What is submucosal dissection?
Submucosal dissection is a partial-thickness resection of the bowel wall. The resection plane is in the deep submucosa at the junction to the muscularis propria. Submucosal dissection was originally developed for the purpose of obtaining a larger biopsy specimen then called “strip biopsy,” but evolved into a therapeutic procedure when it was discovered that this technique was capable of completely removing the mucosal layer. The technique is widely used in Japan for the curative treatment of superficial “early” cancers of the gastrointestinal tract. Unlike techniques that burn or destroy tissue, submucosal dissection provides a tissue specimen for surgical pathology. The procedure is curative when two criteria are met: 1) the cancer is superficial, ie, limited to the mucosal layer; and 2) the margins of resection are free of tumor.
How does submucosal dissection differ from polypectomy?
The resection plane of submucosal dissection is deeper than that of polypectomy and the surface area to be resected is more extensive. Whereas polyps are readily captured and removed by the single application of a standard snare, cancerous or flat neoplastic growths require special accessories and techniques to achieve a deeper resection plane and a sufficiently wide area of resection.

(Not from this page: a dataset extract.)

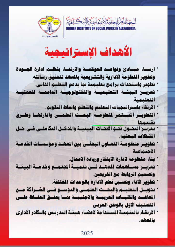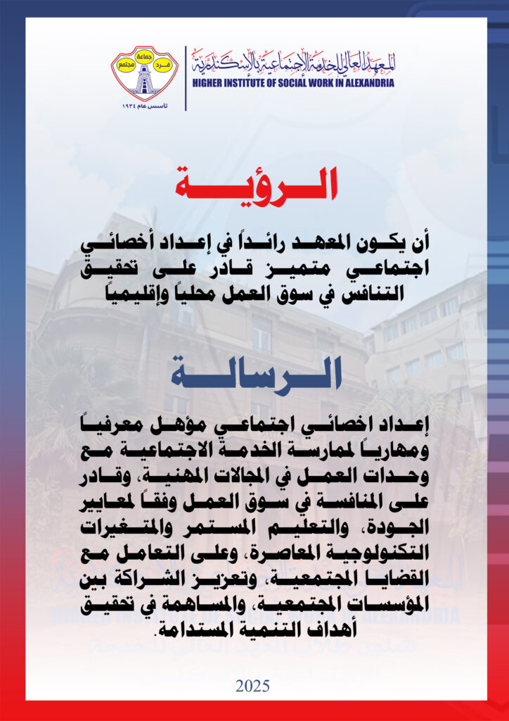 المعهد العالى للخدمة الاجتماعية بالاسكندرية > الرؤية والرسالة

How is submucosal dissection performed?
Various accessories and techniques are used. Mucosectomy snares are made of stiffer wire and designed to grasp flat tissue. A deeper plane of resection is achieved by using endoscopic suction or saline injection to lift the lesion-bearing mucosa. Fitting a transparent cap on the tip of the endoscope can enhance the lifting power of suction. The cap has a rim to hold an open mucosectomy snare. Mucosectomy can also be assisted by band ligation of tissue (analogous to variceal ligation). Lesions that cannot be removed in one piece (en bloc) with EMR are removed by endoscopic submucosal dissection (ESD) This involves the use of electrocautery dissecting knife to resect the lesion.
Role of magnification endoscopy
Special magnification or “zoom” endoscopes enable the detection of subtle irregularities of the mucosa, such as aberrant pits, crypts, and vascular patterns that correlate with neoplastic transformation. The magnification effect is enhanced by spraying dyes or acetic acid onto the mucosal surface thus, “enhanced magnification.” Zoom endoscopy is performed prior to submucosal dissection to define the precise extent of neoplastic involvement. In patients with Barrett’s esophagus, zoom endoscopy facilitates the detection of high-grade dysplasia and carcinoma. The orderly villiform appearance, characteristic of Barrett’s esophagus, is replaced by featureless mucosa with aberrant crypts. These sites are then targeted for biopsy confirmation of cancerous transformation.
Role (EUS)of endoscopic ultrasonography (EUS)
EUS is performed prior to submucosal dissection to select those patients who are suitable candidates for endoscopic treatment. EUS defines the infiltration depth of neoplasia relative to the wall layers and interrogates surrounding tissue for metastatic spread. Both standard echoendoscopes and high-frequency ultrasonic catheter probes are used.
Mucosectomy for Barrett’s esophagus
Treatment of Barrett’s esophagus is indicated when biopsies show high-grade dysplasia or carcinoma-in-situ. Local endoscopic treatment by submucosal dissection may be curative when cancerous change is intramucosal. A raised or nodular area suggests a focal cancerous change (see Case Study 1). Widespread submucosal dissection of Barrett’s esophagus is performed when the cancerous transformation is diffused (see Case Study 2). When Barrett’s esophagus is circumferential, resection is performed piecemeal over two or more sessions to avoid post-resection structuring. The stripped Barrett’s mucosa re-epithelializes with normal squamous epithelium.
Mucosectomy for large sessile adenomas
Large sessile adenomas require submucosal dissection for removal. Chromoscopy, with indigocarmine or methylene blue, aids in defining the extent of such growths, which may be carpet-like. When very flat, fluid is injected into the submucosa to raise the lesion from the underlying muscularis propria to enable ensnarement and provide a safety “cushion” to prevent perforation. Before injection, the perimeter of the growth is marked with diathermy using the tip of a snare. After submucosal dissection, the resection site is tattooed with India ink to enable easy recognition on surveillance endoscopy.
Patient Referral to the IESMG for Mucosectomy
Patients need a referral from their primary care provider or physician specialist prior to scheduling endoscopic submucosal dissection evaluation and procedure. Medical records, pertinent laboratory reports, and imaging reports need to be forwarded to California Pacific’s Interventional Endoscopy Service to determine referral indication appropriateness.
Medicare, Medi-Cal, and most private insurance plans cover endoscopic submucosal dissection. In order to avoid unexpected medical expenses, it is always best for patients to contact their insurance company prior to treatment to confirm coverage for this service and obtain prior authorization.